Ao falar da Nigéria, Marcelo destaca a importância de Fela Kuti para a história da música mundial. Para ele, o criador do afrobeat conseguiu unir o groove africano às influências do jazz, da música negra norte-americana e da religiosidade, transformando sua obra também em instrumento de resistência política. "Talvez o afrobeat seja hoje o gênero musical africano mais conhecido do mundo", observa.

No norte da África, é a tradição Gnawa que chama sua atenção. Marcelo enxerga na música marroquina uma sonoridade profunda, marcada por harmonias repetitivas e quase mântricas, que dialogam tanto com os cânticos islâmicos quanto com a origem do blues. "Os povos africanos tiveram que inventar meios para não perder sua essência. A espiritualidade continua presente em praticamente todos esses gêneros musicais."

Ao voltar o olhar para o Brasil, Marcelo ressalta que a riqueza da música brasileira nasce justamente da convivência entre diferentes matrizes culturais. "O Brasil é diferenciado. Tivemos influência portuguesa, moura, de diferentes partes da África, de diferentes povos indígenas e de outros povos europeus. São várias formas de suingue." Para ele, o samba continua sendo um dos principais guardiões dessa memória, especialmente longe do circuito turístico. "Ainda preserva os fundos de quintal, os terreiros, o jongo, o caxambu. Existe uma resistência muito forte." O músico também identifica essas heranças em manifestações mais recentes, como o funk carioca, que incorporou elementos rítmicos ligados às religiões de matriz africana.

Essa percepção sobre a circulação cultural também atravessa o trabalho desenvolvido no Afrika Gumbe.
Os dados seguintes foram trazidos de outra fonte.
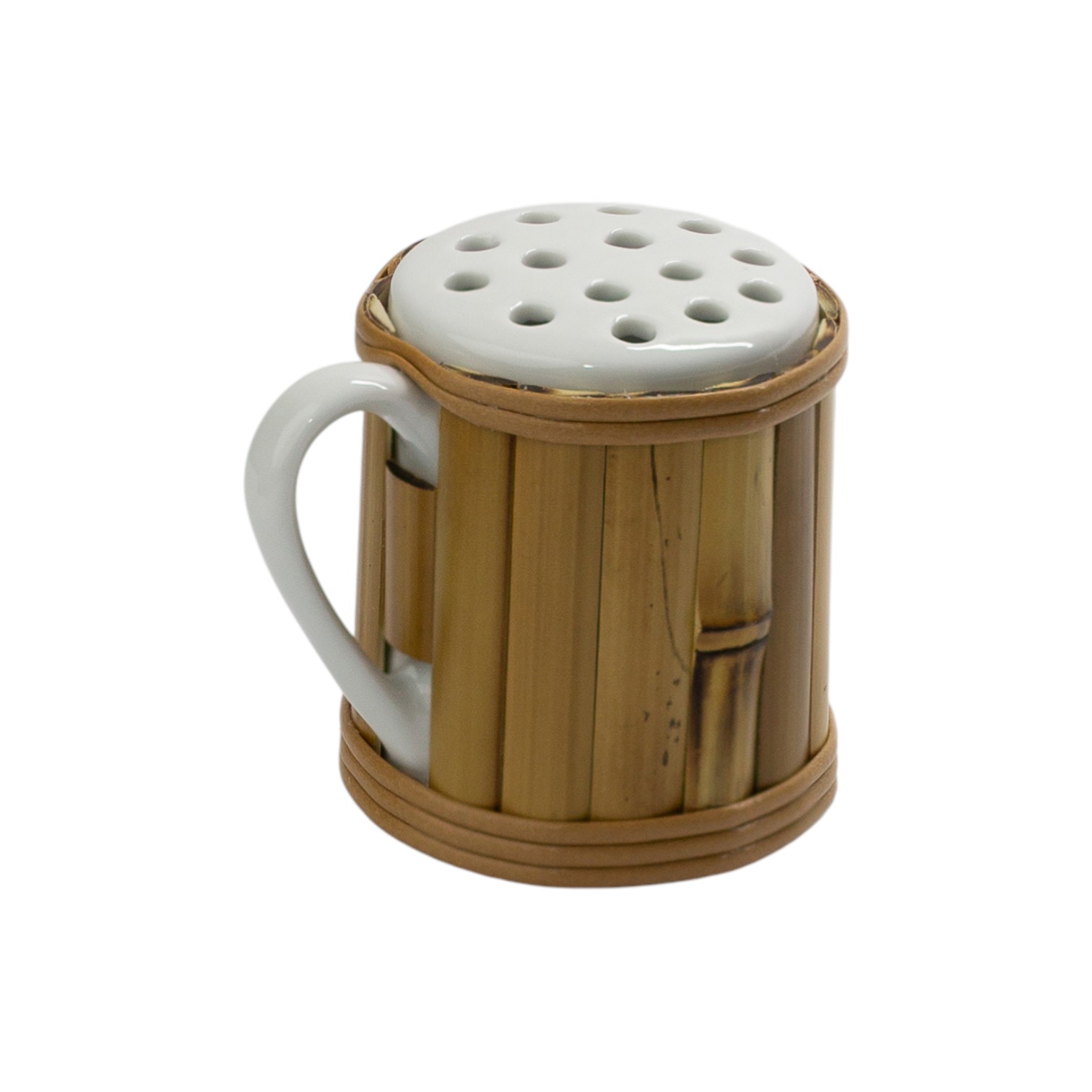PORTA QUEIJO RALADO DE PORCELANA COM BAMBU

Apesar do nome remeter ao continente africano, Marcelo explica que a proposta do grupo nunca foi reproduzir tradições, mas estabelecer um diálogo entre ancestralidade e contemporaneidade. "A África é inusitada porque consegue unir sons ancestrais à modernidade. Apesar do nome, o Afrika Gumbe também traz um som progressivo, moderno e tecnológico."
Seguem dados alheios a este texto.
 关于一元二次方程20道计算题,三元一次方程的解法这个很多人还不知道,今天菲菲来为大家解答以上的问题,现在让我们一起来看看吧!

Essa pesquisa aparece naturalmente nas composições do grupo, especialmente em faixas como "A Rede e os Peixes", presente no álbum Soro Energizado. "Ela fala do ir e vir, das trocas, das diferentes marés. De como falamos a língua-mãe de outra forma." Depois de décadas de convivência com essas referências, Marcelo afirma que elas deixaram de ser apenas objeto de estudo para se tornarem parte orgânica de sua criação artística. "Por convivermos por muito tempo com esses gêneros de música africana, tornou-se muito natural a forma de compormos".

Para Marcelo, essa talvez seja a principal semelhança entre futebol e música. Ambos sobrevivem graças ao encontro entre diferentes culturas e à capacidade de se reinventar continuamente. "As trocas geram evolução, diversidade. Combinações infinitas. O tambor é uma linguagem universal. É o fundamento, o chão. Está nos ritos, nas festas, nas danças e na comunicação." Em tempos de Copa do Mundo, quando o planeta volta seus olhos para os gramados, ele lembra que há outro encontro em andamento: o das culturas que seguem se conectando, influenciando umas às outras e criando novas formas de expressão artística.

Sobre Marcelo Lobato

Marcelo Lobato é músico, compositor e produtor, conhecido por sua trajetória marcante como tecladista, baterista e vocalista d'O Rappa. Atualmente, Marcelo é fundador da banda Afrika Gumbe e se dedica ao seu projeto solo, explorando novas possibilidades sonoras e transitando entre diferentes influências com uma abordagem experimental. Seu último EP, Carregador de Piano, mostrou um olhar autoral e intimista, evidenciando sua versatilidade. Em seu projeto solo Marcelo reafirma sua identidade musical e sua capacidade de transformar reflexões profundas em experiências sonoras envolventes.